→ **WHAT IS REQUIRED**
For this task, output exactly the lines of the material below starting at the line with "Кой да замести" and ending at the line with "A7C, A7C II |"; pictures are to be excluded.

→ **DATA TO USE**
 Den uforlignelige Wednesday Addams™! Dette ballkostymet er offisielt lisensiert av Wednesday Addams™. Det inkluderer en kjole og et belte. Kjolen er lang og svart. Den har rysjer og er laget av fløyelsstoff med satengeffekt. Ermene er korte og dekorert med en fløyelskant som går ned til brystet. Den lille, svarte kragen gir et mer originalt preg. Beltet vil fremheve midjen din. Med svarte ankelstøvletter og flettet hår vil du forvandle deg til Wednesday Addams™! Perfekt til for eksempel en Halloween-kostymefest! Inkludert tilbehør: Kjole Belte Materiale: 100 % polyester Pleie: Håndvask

...

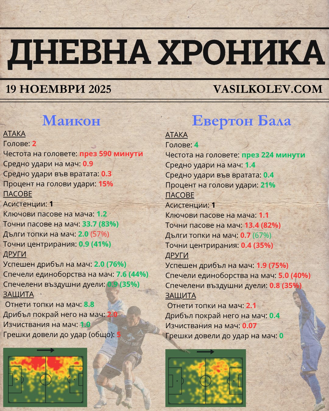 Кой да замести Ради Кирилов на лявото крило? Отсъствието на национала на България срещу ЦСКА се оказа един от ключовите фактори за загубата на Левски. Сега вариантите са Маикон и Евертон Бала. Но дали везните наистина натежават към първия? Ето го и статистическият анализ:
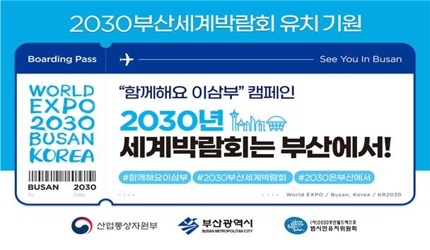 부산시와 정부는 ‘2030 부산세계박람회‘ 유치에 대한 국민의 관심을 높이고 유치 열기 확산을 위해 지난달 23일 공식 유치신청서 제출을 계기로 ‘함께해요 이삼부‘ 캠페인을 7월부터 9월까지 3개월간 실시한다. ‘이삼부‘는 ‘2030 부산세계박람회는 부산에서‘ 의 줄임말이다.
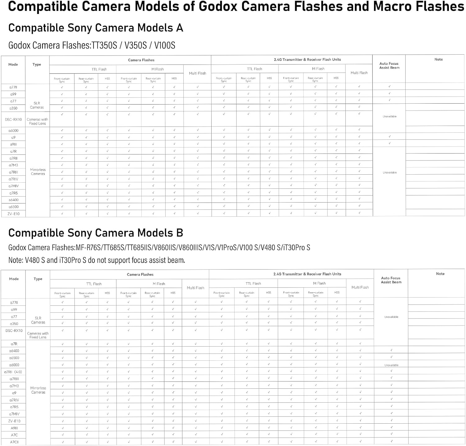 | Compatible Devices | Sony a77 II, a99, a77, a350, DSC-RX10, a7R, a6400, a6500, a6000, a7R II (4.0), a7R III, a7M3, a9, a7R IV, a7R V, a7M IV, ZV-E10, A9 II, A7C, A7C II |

---

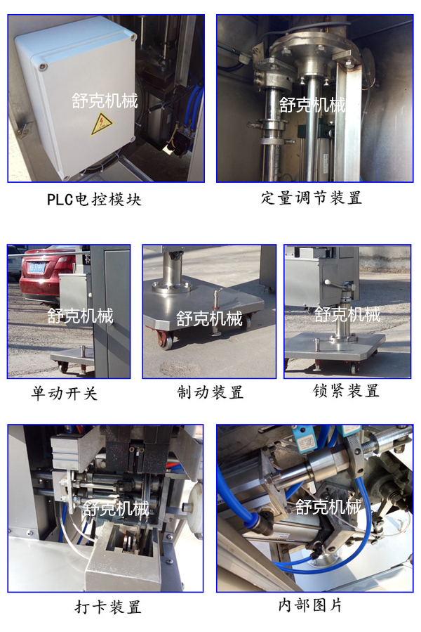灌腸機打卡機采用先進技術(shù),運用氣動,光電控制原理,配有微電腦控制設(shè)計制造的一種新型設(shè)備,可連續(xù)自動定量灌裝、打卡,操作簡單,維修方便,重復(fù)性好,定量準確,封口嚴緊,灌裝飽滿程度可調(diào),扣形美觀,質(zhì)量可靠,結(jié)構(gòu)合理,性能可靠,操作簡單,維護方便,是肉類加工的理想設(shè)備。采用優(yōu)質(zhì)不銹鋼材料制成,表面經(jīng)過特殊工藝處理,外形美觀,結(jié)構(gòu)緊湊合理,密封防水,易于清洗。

→ **ANSWER TO THIS PROBLEM**
 Кой да замести Ради Кирилов на лявото крило? Отсъствието на национала на България срещу ЦСКА се оказа един от ключовите фактори за загубата на Левски. Сега вариантите са Маикон и Евертон Бала. Но дали везните наистина натежават към първия? Ето го и статистическият анализ:
 부산시와 정부는 ‘2030 부산세계박람회‘ 유치에 대한 국민의 관심을 높이고 유치 열기 확산을 위해 지난달 23일 공식 유치신청서 제출을 계기로 ‘함께해요 이삼부‘ 캠페인을 7월부터 9월까지 3개월간 실시한다. ‘이삼부‘는 ‘2030 부산세계박람회는 부산에서‘ 의 줄임말이다.
 | Compatible Devices | Sony a77 II, a99, a77, a350, DSC-RX10, a7R, a6400, a6500, a6000, a7R II (4.0), a7R III, a7M3, a9, a7R IV, a7R V, a7M IV, ZV-E10, A9 II, A7C, A7C II |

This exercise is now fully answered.